1a. Background reading
Unfold the following note to read more about the data before continuing on (collapsed to save space):
About FEMA’s National Risk Index (NRI) for Natural Hazards
FEMA (Federal Emergency Management Agency) is a government agency with a mission of helping people before, during, and after disasters. In 2021, FEMA launched the National Risk Index (NRI), “a dataset and online tool to help illustrate the United States communities most at risk for 18 natural hazards”.
Risk is defined as the potential for negative impacts resulting from natural hazards. It’s calculated using the following equation (and illustrated in this graphic; read more about determining risk):
\[Risk\:Index = Expected\:Annual\:Loss \times \frac{Social\:Vulnerability}{Community\:Resilience}\]
NRI provides hazard type-specific scores, as well as a composite score, which adds together the risk from all 18 hazard types.
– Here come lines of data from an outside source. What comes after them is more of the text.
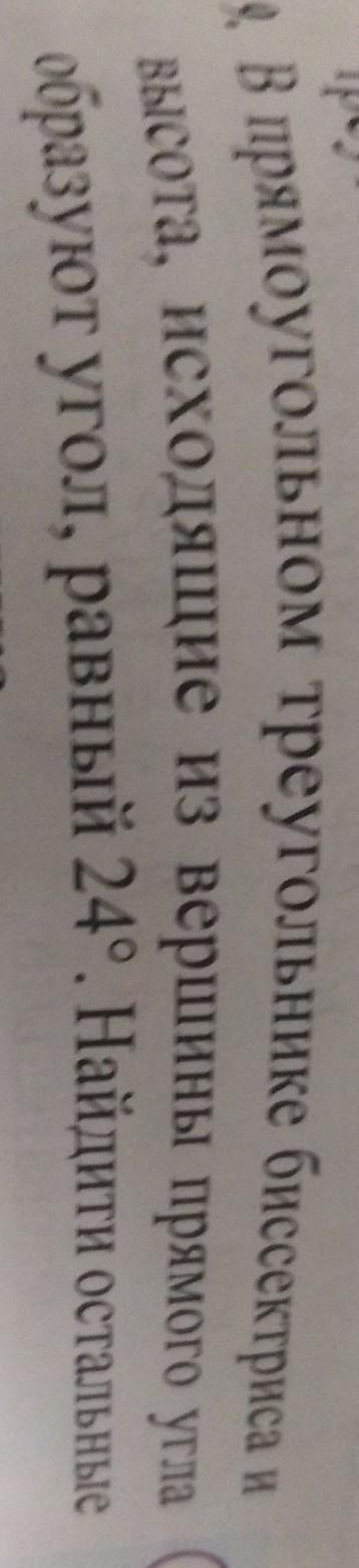 в прямоугольном треугольнике биссектриса и высота, исходящие из вершины прямого угла образуют угол, равный 24. Найдите остальные углы треугольника. Решите с объяснением пожалуйста!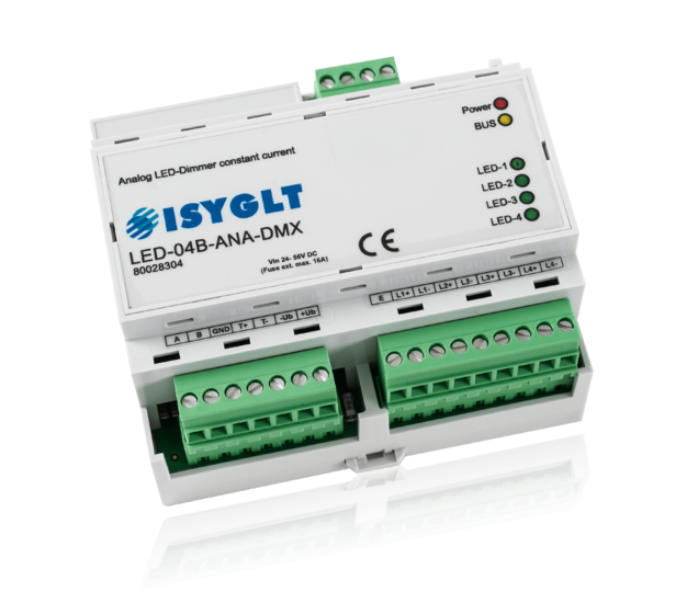 Der non-PWM LED-Dimmer wurde zur absolut flimmer- und flackerfreien Dimmung von konstantstromgesteuerten LEDs bzw. LED-Leuchten entwickelt. Der Dimmer arbeitet absolut ohne Pulsweitenmodulation und ist ein vollständig analoger Dimmer, der den gesamten Dimmbereich von 0% bis 100% kontinuierlich abdeckt. Im Gegensatz zu vielen anderen LED-Dimmern (Treibern), die im unteren Bereich auf Pulsweitenmodulation umschalten, arbeitet dieser Dimmer durchgehend analog. Es ist möglich, die Leuchtdioden bei einer Dimmauflösung von 16 Bit (interne Auflösung bei ISYGLT-Betrieb) in der Helligkeit zwischen 0% und 100% perfekt zu steuern. Der LED-Dimmer kann durch Parametrierung pro Kanal von Geschwindigkeitsberechnung auf absolute Zeitberechnung gesetzt werden. Hiermit sind alle erdenklichen Steuerungsaufgaben einfach realisierbar: Vom einzelnen Lichtdimmen bis hin zur Verwendung für aufwändige Licht- und Farbszenarien.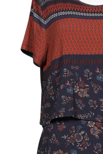 | Détails | Jersey, Manches courtes, Col rond, Fleuri, Rayures |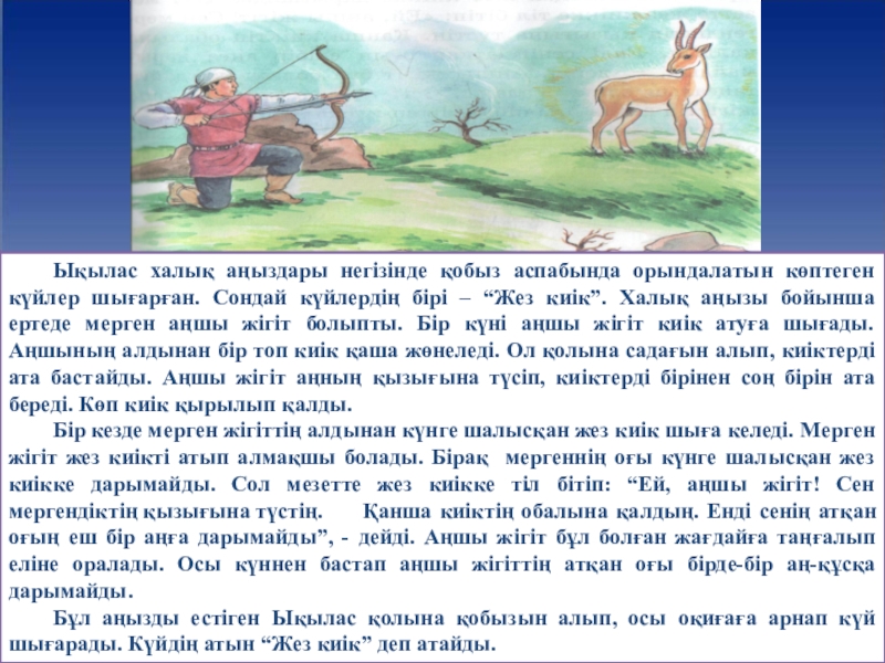 Ел арасында кеңінен таралған аңыз әңгімелерге арналған күйлерін атап беріңдер.

A community’s risk score is represented by its percentile ranking among all other communities at the same level for Risk, Expected Annual Loss, Social Vulnerability and Community Resilience – for example, if a given county’s Risk Index percentile for a hazard type is 84.32 then its Risk Index value is greater than 84.32% of all US counties. Each community is also assigned a risk rating, which is a qualitative rating that describes the community in comparison to all other communities at the same level, ranging from “Very Low” to “Very High.”
You can learn more about the NRI at hazards.fema.gov/nri.
Accessing NRI Data
Data at the county- and census tract-level are available for download in multiple formats (including Shapefiles & CSVs) from NRI’s Data Resources page.
About the US Census Bureau’s American Community Survey (ACS)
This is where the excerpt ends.